Tail Waggers Recovered Animals from Puerto Rico in Aftermath of Hurricane Maria
By David Veselenak and David Veselenak, Hometown Life
Tail Waggers 1990 in Livonia recently brought back several animals from Puerto Rico, which continues to recover from Hurricane Maria. These animals are up for adoption or fostering at the Livonia non-profit.
It was a fast 72 hours last weekend for Laura Zain and several members of Tailwaggers 1990.
The Livonia resident and CEO of the pet nonprofit at 28422 Five Mile made a split-second decision to help find homes for several cats and dogs that had been housed in shelters after Hurricane Maria rocked Puerto Rico earlier this fall.
She returned last weekend with nearly two dozen animals and hopes several members of the community can help by adopting or fostering some of them.
“We need to move them out of here fast, because we’re not a holding facility,” Zain said. “We had some foster people lined up, but they have fallen through.
“We urgently want to find them homes.”
Zain met with one of her rescue colleagues she met when they went to Texas this fall to help with Hurricane Harvey relief efforts. They went to Florida and met at an airport to meet a private plane coming in from San Juan.

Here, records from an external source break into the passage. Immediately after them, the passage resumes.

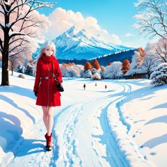 In the snow, a girl walking alone in the snow, wearing a red coat, long hair fluttering, white hair, red scarf, bare legs, bare feet, holding her body tightly, big eyes, her lips pressed together, she was about to cry, her long white hair fluttering in the wind, her delicate and beautiful face suppressed, step by step, the footprints behind her, the heavy snow, the biting wind blowing her scarf, in the distance is the continuous snow mountain, in this evening, helplessly forward, West Green, fashion,1girl
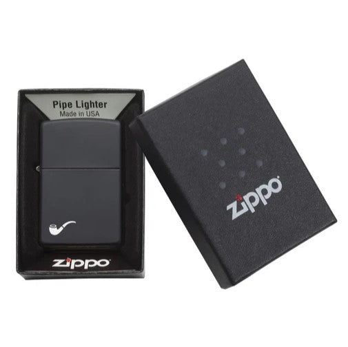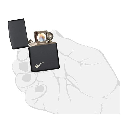 Questo accendino per pipa nero opaco è stato progettato per le esigenze speciali dei fumatori di pipa. L'inserto per pipa consente all'utente di dirigere e attirare la fiamma gialla verso il basso senza bruciare il tubo. Il risultato: tabacco perfettamente illuminato, senza danni alla pipa. Viene confezionato in una scatola regalo. Per prestazioni ottimali, utilizzare il fluido di ricarica originale per accendini Zippo.
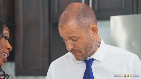Излишне жопастая негритянка будто ненароком полезла в холодильник, заигрывая пятой точкой перед не обращающим на это внимания супругом. От этого она просто вскипела, но от семейного скандала спас звонок в дверь - пришла черная подруга вместе со своим обольстительным мужем. Обе семьи сели за стол, но тут случилось необычное - гостья стала ласкать пальцами смуглянку между ног, а потом и вовсе отлизала, уведя продолжать секс по-лесбийски на кухне. Второй гость просторного дома тоже отправился следом, устроив классный межрасовый тройничок с двумя негритянками, пока муж хозяйки тупит за столом в одиночестве.
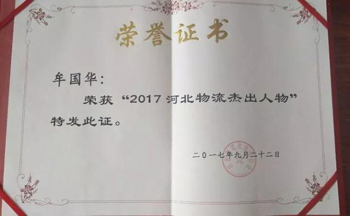 集团副总经理牟国华荣获“2017河北物流杰出人物”
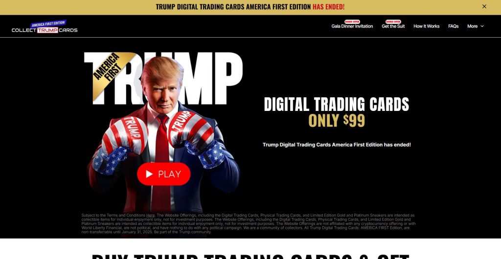 トランプは自身のWebサイトで、「America First Collection」という自身の画像が描かれた特別なトレーディングカードNFTを販売しました(現在は終了)。
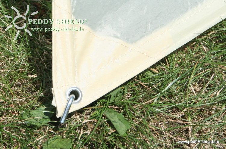 1. Segel mit der langen Seite 3,0 m auf dem Untergrund (Rasen, Sand etc.) mit zwei Stabheringen feststecken - die Stabheringe schräg in Richtung auf das geöffnete Segel einstecken (besserer Halt)
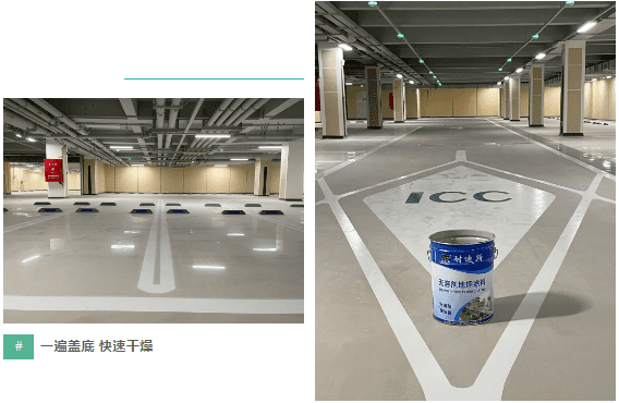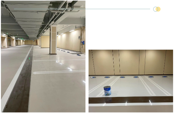 为更加适应场地特点及环境,耐迪公司设计团队为其作了通道钢丸地坪、车位自流平地坪+VIP自流平彩砂地坪,以及环氧圆弧角等一系列工程的规划,并于7月底完成一期工程的施工,在提升功能效果的同时,呈现更佳表观效果。
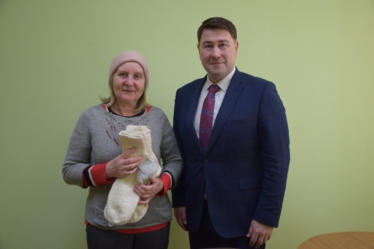 Жительница Московского района г. Чебоксары Татьяна Мелихова долгими зимними вечерами вязала шерстяные носки для участников специальной военной операции. Юбилейная пара, 30-ая по счету, выпала как раз на начало весны. Вместе с теплым презентом пенсионерка положила сладости и трогательные письма.
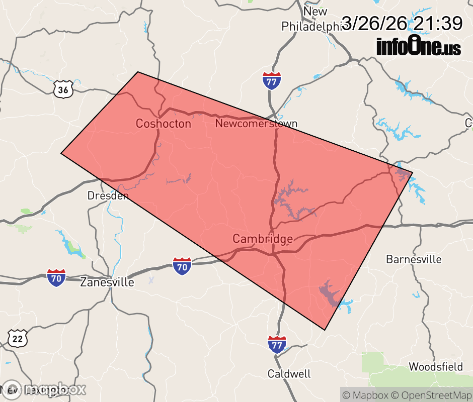 Canceled 3/26/26 9:48 PM Severe Thunderstorm Warning issued March 26 at 9:38PM EDT until March 26 at 10:30PM EDT by NWS Pittsburgh PA SVRPBZ The National Weather Service in Pittsburgh has issued a * Severe Thunderstorm Warning for... Western Belmont County in east central Ohio... Southern Coshocton County in east central Ohio... Guernsey County in east central Ohio... Southwestern Harrison County in east central Ohio... Northeastern Muskingum County in east central Ohio... North Central Noble County in east central Ohio... South Central Tuscarawas County in east central Ohio... * Until 1030 PM EDT. * At 938 PM EDT, a severe thunderstorm with a history of producing large hail was located over Coshocton, moving southeast at 50 mph. HAZARD...60 mph wind gusts and half dollar size hail. SOURCE...Radar indicated. IMPACT...Hail damage to vehicles is expected. Expect wind damage to roofs, siding, and trees. * Locations impacted include... Coshocton, Cambridge, Newcomerstown, New Concord, Byesville, West Lafayette, Antrim, Senecaville, Pleasant City, Conesville, Lore City, Old Washington, Plainfield, Salesville, Otsego, Boden, Birmingham, Cooperdale, Seneca Lake Park and Kimbolton. ![]() |
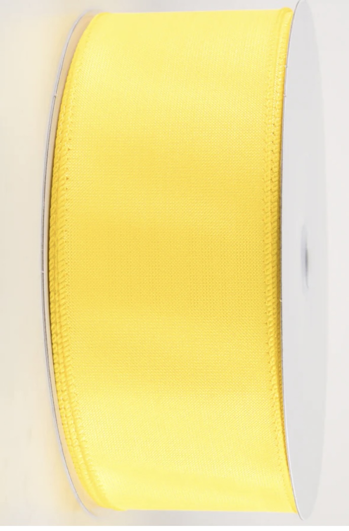 This yellow satin ribbon has tiny, iridescent metallic threads woven into it.
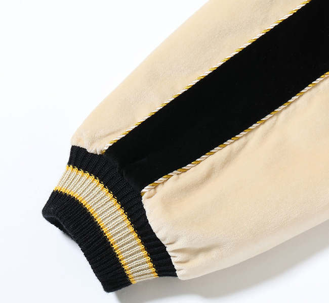 サテンのスカジャンと同じように身頃と袖下の色を切り替えているが、仕上がりは全くの別物であり、ただならぬ存在感を醸し出している。刺繍は1950年代中期の作品をもとに、虎の顔を細部まで緻密に表現した「タイガーヘッド」と呼ばれる人気の絵柄。頬の毛や鬣は針足を何度も変えながら一本一本繊細に描かれており、優れた職人の手掛けた刺繍であることがわかる。
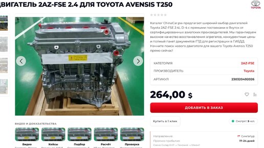 Двигатель Toyota 2AZ-FSE 2.4L D-4 для Avensis T250
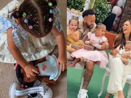 Perto de fazer dois anos, com 1 ano e sete meses, a pequena também já fala as primeiras palavras. No vídeo feito por Amanda, Helena aparece pronta para o evento assistindo um desenho em inglês, e quando o vídeo acaba, vai em direção a mãe pedindo “mais”. Neymar também já mostrou a filha do meio falando “papai”, em um vídeo nas suas redes sociais algumas semanas atrás.
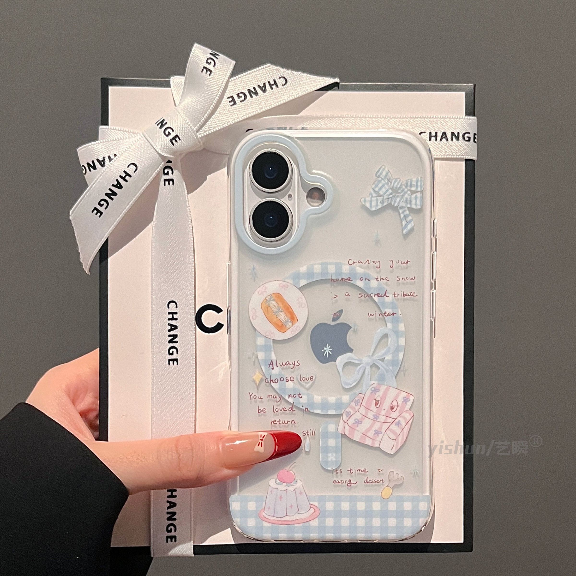 原创治愈系蓝格纹蝴蝶结磁吸支架适用16ProMax手机壳新款iPhone15pro小众高级14雾面女款13Pro好看的16保护套
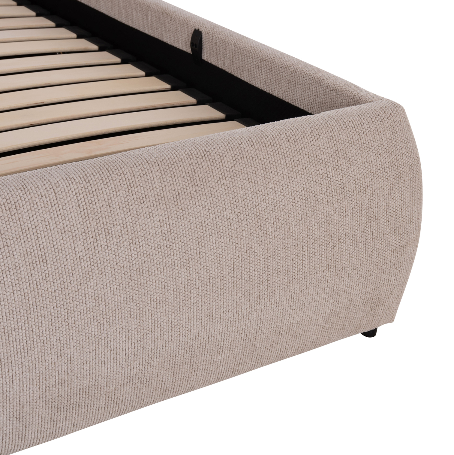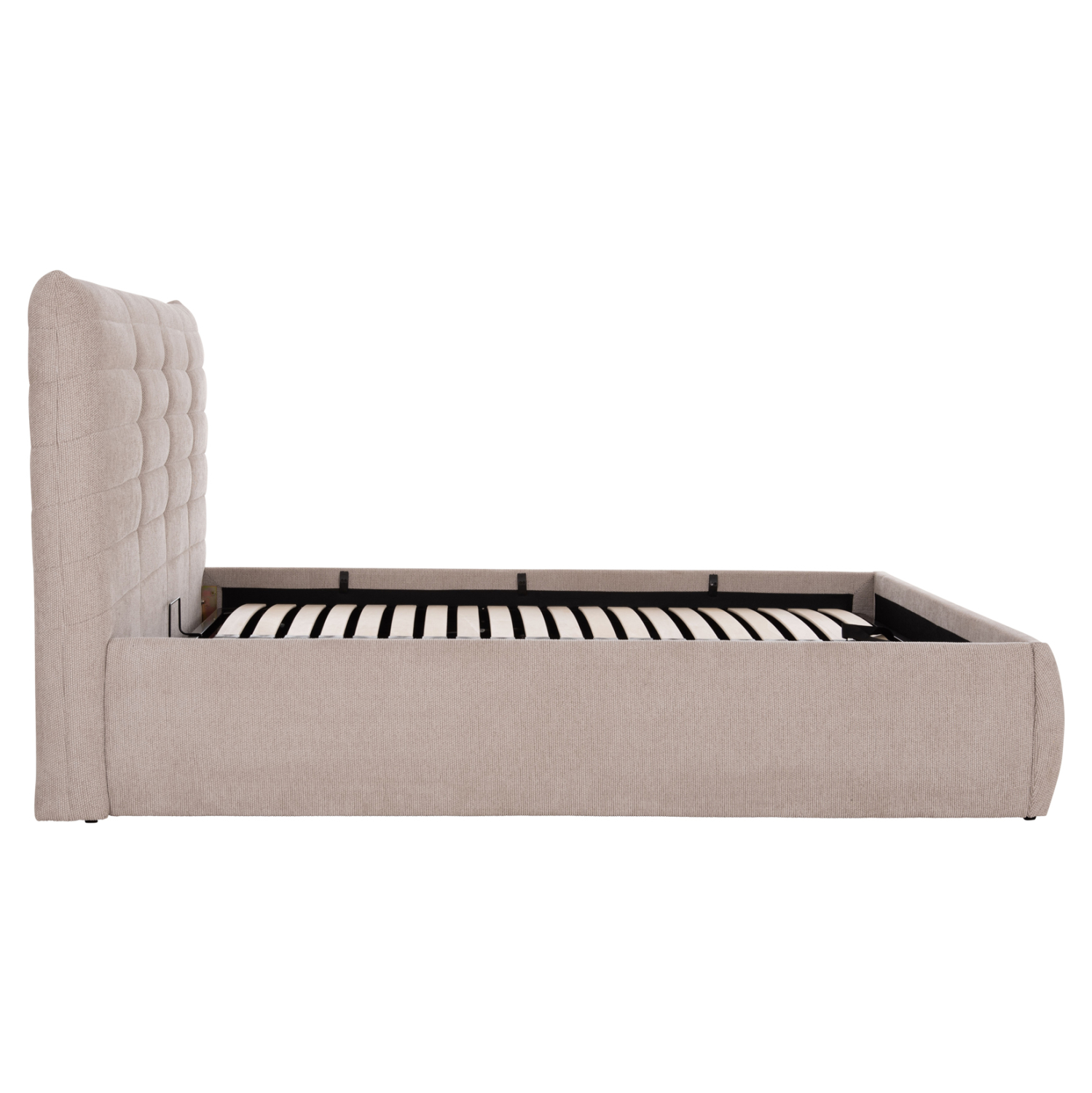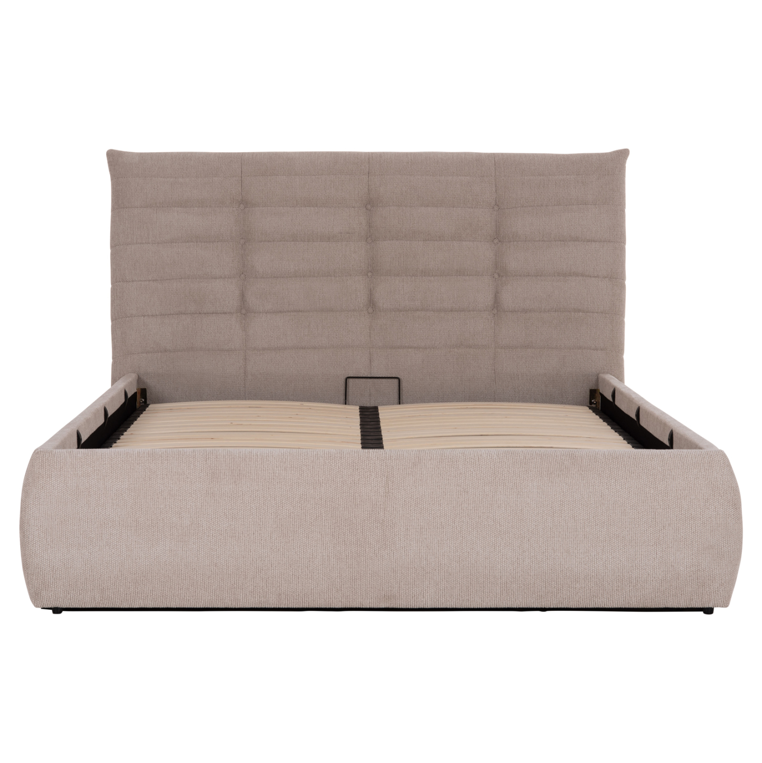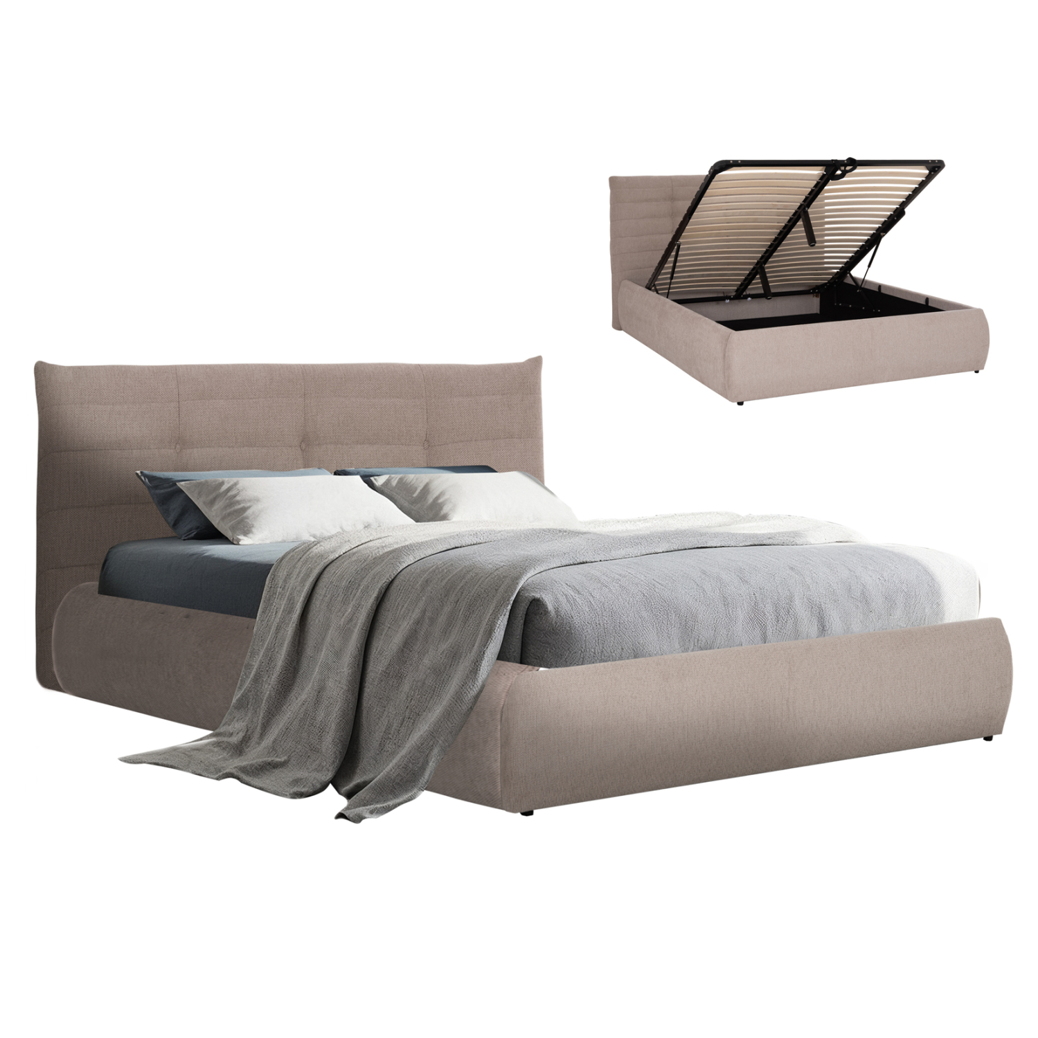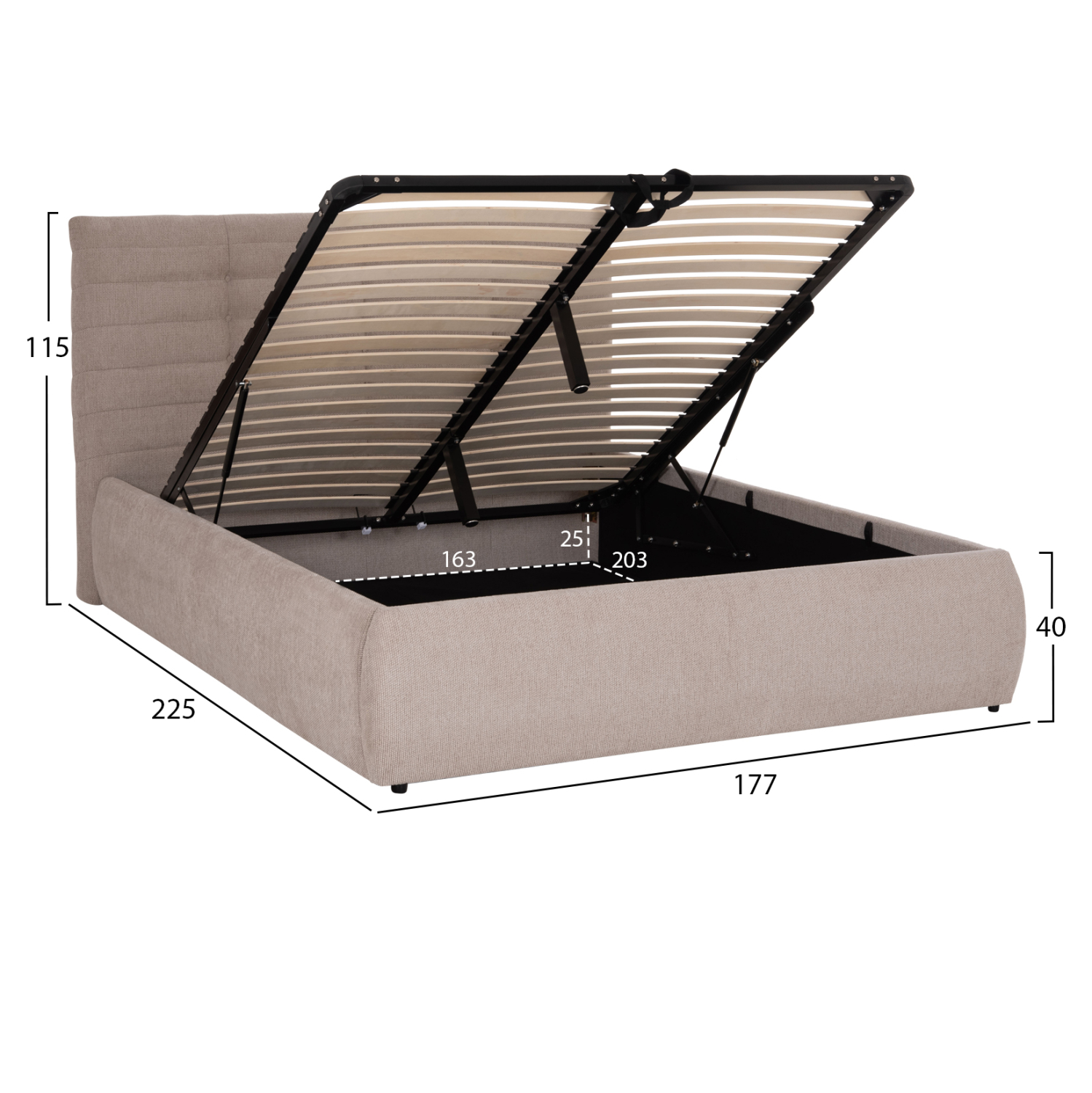 Το στρώμα στηρίζεται σε 20 σειρές εργονομικές τάβλες στήριξης, οι οποίες τοποθετούνται σε ένα μεταλλικό πλαίσιο που ανασηκώνεται με μηχανισμό ασφαλείας, προσφέροντας έναν μεγάλο αποθηκευτικό χώρο επενδυμένο επίσης με ύφασμα. Μια μοντέρνα πρόταση που θα ανανεώσει το υπνοδωμάτιό σας.
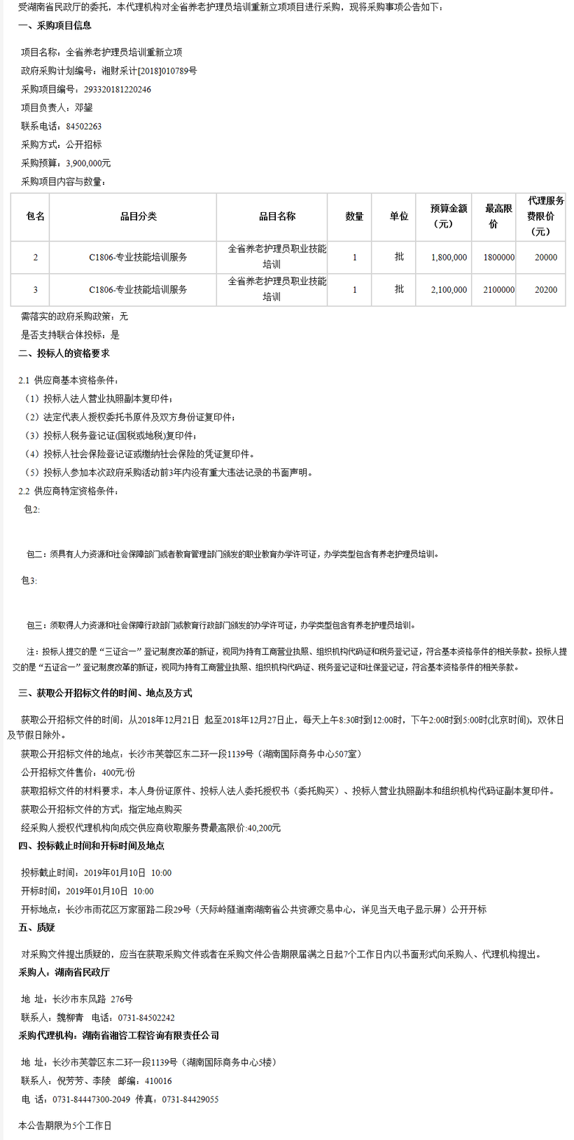 湖南省民政廳全省養(yǎng)老護(hù)理員培訓(xùn)重新立項(xiàng)項(xiàng)目公開招標(biāo)公告
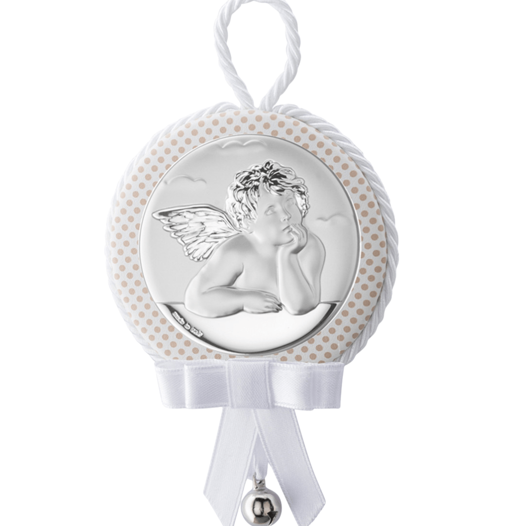 Para ese ser querido este regalo dulce y especial. Este hermoso medallón musical para la cunita o el carrito del bebé del tierno ángel de Rafael. En plata, con acabado en polipiel suave y la melodía de un mini cascabel. Un obsequio que le dará protección al bebé y además, su dulce melodía le relajará.
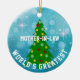 Weihnachtsschmuck für Ihre Mutter im Gesetz oder irgendjemand. Passen Sie das Design an, um jedem etwas zu sagen. Blauer Hintergrund mit Schnee und Glitzern und ein Weihnachtsbaum mit roten Herzen, goldenen Sternen und Schneeflocken. Gib einen an jeden auf deiner Weihnachtsliste,
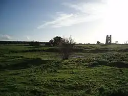 Godwick is a deserted village in the county of Norfolk. Its location was south of Fakenham between the villages of Tittleshall and Whissonsett. There are over 200 deserted medieval villages in Norfolk, but most sites have been destroyed by ploughing, the pressures of two world wars or other agricultural uses. Only a few still have impressive surface remains. The earthworks at Godwick are well preserved because the site is grazed by sheep and has never been disturbed. Today it is one of the best surviving examples in the county and the only one open to the public. There is agreement between the owner and English Heritage over the opening and the management of the site, which is open between April and September from 9:30 am until dusk.[1] On site there are information panels with displays of aerial photographs, maps and interpretation plans of this lost village. The earthworks are a scheduled monument. It is an offence to disturb the site or use metal detectors without the written permission of English Heritage.
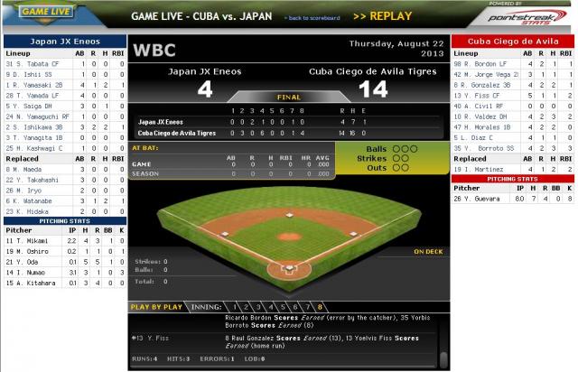 日本は3点を追う三回、石川、渡辺の連続長打と日高の遊ゴロで2点。四回は世田谷ボーイズOB山崎錬の2試合連続ソロで追いついた。その裏、キューバは打者一巡の攻撃で6点。日本は七回、石川のソロで1点を返したが、七、八回もキューバの長打攻勢に遭いコールド負けした。

“This was the ninth flight coming in from Puerto Rico bringing animals,” she said. “It’s the plane with just one passenger and then crates (of animals).”
The group from Livonia brought back 18 cats and seven dogs, all from Puerto Rico, an island that continues to recover from the devastating hurricane that struck in late September. The hurricane left at least 55 dead on the island and more than 120 dead across several Caribbean islands.
The clinic began vaccinating the animals, mostly cats, this past week and hopes there are members of the community that can adopt or take them in for a short time while permanent homes are found. Some dogs were handed off to a shelter in Grand Rapids, but Tailwaggers was a makeshift, emergency shelter for more than a dozen cats this past week.
Zain said there wasn’t a lot of documentation that came with the animals and what little did come was in Spanish. No records came with the cats that arrived.